Same problem. But adding a third path argument does not help either. When I run this in Colab:

ImageCleaner(ds, idxs, Path(‘data/bears’)) # notebook lesson2-download

… colab just freezes, as if I asked it to do an infinite loop.

2 Likes

I got it to work:
ImageCleaner(ds, idxs, path)

using the path i defined earlier in the notebook… im doing a set with birds
folder = ‘amkestrel’
file = ‘urlsamkestrel.txt’
path = Path(‘Raptors’)
dest = path/folder

2 Likes

It seems that with path = Path(‘data/bears’) it should work just as well or at least throw some meaningful error. But it freezes for me… Are you also working in Colab, by the way?
So, if it’s the path, where is your ‘Raptors’ path relative to your dataset?
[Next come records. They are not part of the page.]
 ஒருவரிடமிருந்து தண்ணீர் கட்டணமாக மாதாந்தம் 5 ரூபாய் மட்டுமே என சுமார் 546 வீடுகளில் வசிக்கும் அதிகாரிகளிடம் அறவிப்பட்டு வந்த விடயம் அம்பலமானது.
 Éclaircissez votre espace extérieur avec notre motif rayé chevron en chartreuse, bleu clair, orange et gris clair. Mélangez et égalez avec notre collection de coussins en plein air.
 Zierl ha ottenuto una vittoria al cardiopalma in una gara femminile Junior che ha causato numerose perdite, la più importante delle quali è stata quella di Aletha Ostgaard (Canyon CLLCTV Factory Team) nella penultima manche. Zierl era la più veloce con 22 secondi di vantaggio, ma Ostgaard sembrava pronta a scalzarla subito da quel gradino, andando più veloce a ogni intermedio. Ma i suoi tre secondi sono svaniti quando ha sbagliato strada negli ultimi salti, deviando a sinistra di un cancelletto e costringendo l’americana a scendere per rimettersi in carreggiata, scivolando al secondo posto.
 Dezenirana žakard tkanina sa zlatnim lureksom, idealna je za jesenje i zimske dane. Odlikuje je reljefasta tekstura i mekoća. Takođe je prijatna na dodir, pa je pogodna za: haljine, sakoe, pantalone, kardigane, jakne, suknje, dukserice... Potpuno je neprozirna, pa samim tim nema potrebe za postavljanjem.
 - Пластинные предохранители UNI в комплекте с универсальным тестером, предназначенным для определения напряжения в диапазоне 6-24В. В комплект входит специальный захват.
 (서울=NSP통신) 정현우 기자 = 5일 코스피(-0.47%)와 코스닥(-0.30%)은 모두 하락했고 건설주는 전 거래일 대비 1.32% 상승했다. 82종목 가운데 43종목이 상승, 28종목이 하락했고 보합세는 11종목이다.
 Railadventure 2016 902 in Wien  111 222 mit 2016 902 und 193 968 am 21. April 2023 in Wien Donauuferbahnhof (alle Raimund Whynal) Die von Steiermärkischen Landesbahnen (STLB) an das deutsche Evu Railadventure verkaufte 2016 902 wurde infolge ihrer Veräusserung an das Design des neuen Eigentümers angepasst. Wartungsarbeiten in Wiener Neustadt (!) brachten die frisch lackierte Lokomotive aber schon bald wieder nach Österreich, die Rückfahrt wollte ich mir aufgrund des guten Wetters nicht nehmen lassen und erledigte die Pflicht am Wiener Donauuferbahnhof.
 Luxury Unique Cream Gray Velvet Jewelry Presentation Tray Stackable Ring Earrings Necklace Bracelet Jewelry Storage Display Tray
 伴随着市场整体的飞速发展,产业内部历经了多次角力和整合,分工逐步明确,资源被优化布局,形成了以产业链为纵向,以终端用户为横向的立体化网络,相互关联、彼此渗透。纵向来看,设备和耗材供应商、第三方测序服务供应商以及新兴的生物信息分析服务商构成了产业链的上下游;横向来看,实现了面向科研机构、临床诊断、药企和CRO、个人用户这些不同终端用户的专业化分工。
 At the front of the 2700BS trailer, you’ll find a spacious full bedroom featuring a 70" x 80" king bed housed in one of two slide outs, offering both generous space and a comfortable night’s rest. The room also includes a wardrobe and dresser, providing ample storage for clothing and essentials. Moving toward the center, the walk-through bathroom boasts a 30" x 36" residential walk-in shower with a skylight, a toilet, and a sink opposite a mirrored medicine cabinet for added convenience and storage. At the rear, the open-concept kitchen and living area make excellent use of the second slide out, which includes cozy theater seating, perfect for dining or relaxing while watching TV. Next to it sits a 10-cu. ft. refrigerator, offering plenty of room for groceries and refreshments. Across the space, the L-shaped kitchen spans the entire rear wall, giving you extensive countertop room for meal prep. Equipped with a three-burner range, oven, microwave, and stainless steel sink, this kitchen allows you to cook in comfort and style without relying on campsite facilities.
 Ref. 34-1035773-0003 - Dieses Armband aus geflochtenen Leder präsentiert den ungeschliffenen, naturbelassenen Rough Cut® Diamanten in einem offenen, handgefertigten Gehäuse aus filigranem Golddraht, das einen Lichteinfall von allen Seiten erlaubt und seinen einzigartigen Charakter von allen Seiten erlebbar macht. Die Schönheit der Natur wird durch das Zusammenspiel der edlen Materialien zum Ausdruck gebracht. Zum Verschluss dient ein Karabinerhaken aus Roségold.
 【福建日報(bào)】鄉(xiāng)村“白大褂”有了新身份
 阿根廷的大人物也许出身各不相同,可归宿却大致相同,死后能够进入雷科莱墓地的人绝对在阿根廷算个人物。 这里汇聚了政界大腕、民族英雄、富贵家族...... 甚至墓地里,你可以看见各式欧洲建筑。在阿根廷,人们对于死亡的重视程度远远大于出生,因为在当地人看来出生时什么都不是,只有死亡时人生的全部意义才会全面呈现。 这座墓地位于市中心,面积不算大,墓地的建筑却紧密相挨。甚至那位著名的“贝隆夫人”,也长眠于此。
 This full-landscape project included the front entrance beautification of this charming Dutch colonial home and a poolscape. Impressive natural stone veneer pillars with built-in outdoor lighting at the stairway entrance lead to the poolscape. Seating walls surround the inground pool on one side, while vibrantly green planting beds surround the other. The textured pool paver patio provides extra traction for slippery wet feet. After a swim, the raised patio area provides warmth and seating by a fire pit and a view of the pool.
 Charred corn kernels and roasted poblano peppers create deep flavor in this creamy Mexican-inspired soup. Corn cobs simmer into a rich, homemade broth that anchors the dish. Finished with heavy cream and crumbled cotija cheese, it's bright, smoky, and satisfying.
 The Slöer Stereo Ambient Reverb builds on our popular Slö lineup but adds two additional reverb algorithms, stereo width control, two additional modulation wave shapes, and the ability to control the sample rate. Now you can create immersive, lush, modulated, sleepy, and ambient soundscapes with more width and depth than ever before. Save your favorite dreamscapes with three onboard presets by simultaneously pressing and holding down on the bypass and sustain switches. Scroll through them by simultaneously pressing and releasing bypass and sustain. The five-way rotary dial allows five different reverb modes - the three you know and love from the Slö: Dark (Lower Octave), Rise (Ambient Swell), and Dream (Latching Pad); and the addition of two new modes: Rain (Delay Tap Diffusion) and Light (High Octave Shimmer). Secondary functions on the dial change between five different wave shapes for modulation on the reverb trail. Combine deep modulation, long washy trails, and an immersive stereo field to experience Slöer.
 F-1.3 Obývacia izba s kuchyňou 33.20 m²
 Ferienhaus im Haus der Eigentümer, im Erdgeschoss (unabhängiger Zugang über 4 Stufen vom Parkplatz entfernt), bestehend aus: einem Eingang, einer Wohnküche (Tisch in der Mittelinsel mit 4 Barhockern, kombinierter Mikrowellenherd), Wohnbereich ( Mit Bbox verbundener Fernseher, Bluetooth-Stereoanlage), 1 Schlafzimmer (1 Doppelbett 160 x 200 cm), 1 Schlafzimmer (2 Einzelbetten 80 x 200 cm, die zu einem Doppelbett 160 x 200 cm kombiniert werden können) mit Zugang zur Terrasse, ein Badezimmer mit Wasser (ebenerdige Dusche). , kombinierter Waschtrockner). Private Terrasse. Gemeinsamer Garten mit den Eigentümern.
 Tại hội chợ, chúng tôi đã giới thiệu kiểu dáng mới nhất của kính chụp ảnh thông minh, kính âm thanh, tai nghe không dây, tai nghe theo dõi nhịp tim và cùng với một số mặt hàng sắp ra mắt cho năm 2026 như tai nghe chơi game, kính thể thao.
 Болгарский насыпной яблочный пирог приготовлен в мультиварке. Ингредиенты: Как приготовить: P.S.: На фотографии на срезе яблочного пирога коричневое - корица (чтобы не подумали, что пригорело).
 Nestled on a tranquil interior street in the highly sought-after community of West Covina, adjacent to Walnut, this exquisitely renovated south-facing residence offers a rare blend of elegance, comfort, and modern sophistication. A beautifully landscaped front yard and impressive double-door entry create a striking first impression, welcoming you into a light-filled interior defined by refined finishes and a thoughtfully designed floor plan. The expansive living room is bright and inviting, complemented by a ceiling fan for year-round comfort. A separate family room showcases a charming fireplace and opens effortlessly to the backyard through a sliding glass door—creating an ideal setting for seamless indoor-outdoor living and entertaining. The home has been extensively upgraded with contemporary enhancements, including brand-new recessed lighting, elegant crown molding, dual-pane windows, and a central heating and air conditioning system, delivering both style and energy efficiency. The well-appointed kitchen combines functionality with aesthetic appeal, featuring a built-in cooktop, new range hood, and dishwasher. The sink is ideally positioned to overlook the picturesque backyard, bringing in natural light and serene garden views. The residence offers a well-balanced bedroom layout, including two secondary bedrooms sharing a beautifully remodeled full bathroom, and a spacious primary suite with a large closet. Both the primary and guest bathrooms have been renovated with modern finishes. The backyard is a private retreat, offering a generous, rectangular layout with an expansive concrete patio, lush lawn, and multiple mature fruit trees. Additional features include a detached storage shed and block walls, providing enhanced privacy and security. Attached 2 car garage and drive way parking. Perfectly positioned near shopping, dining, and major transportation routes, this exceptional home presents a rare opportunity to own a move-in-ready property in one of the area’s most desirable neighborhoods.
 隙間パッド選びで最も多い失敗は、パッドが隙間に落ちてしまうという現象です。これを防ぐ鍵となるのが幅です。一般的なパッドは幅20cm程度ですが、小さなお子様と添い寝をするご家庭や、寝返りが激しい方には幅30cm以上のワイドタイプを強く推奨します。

Dataset is images in multipe folders like… folder = “amkestrel”
where the structure is
Raptors/amkestrel
Raptors/redtail
Raptors/osprey

etc…
im not sure if im doing it right, but it worked up until i wanted to improve my results and use the clean up tool.
I was able to get to:
image

Where the most confused were some difficult images, errors, or baby birds.

NOTE maybe dont listen to me… it worked to get past cleaner step… but im having errors in the next step… so my workaround is temp… and not the right solution.

Still does not seem to work for me.
By the way, how much time does it take to create/load that ImageCleaner instance? (and how big is your dataset)

about 1000 images.
the first time it hung…
i stopped and started the Kernel again.
I was working on a cheaper gpu, then switched to a faster one.

Warning… the clean up can take time… i wasnt sure if i could exit and restart somewhere again…
same as with the next duplicate step…
took longer than i thought to actually click through all the batches. it would be nice to have an index of where you are in the toplosses… and be able to restart the clean-up if you have to leave and shut down the gpu…

1 Like

That’s what I also end up doing: restarting the kernel. Maybe I should wait for a bit longer, but so far I never managed to get the result.
How much time (at least the order of magnitude) did it take for you when it worked?

im using GPU+ from paperspace.
less than 5min, more than 1min

Well, so far it’s taking 16 minutes without any sign of progress. And I don’t even know what is it spending all its time on…
And Colab GPU apparently has 20GB of memory, although I’m not certain of that.

@AlexeyRB I am working in Paperspace Gradient trying a model on fruits and was able to recreate your problem. I ran “ImageCleaner(ds, idxs, Path(‘data/fruits’))” and it hangs for at least 5 minutes, and caused weird errors. I had the filesystem open in another window and when I tried to change folders got “server error: forbidden”. Also the top right corner of my notebook was displaying a red “Not Connected” message, a yellow “Forbidden”, and a white “Not Trusted”.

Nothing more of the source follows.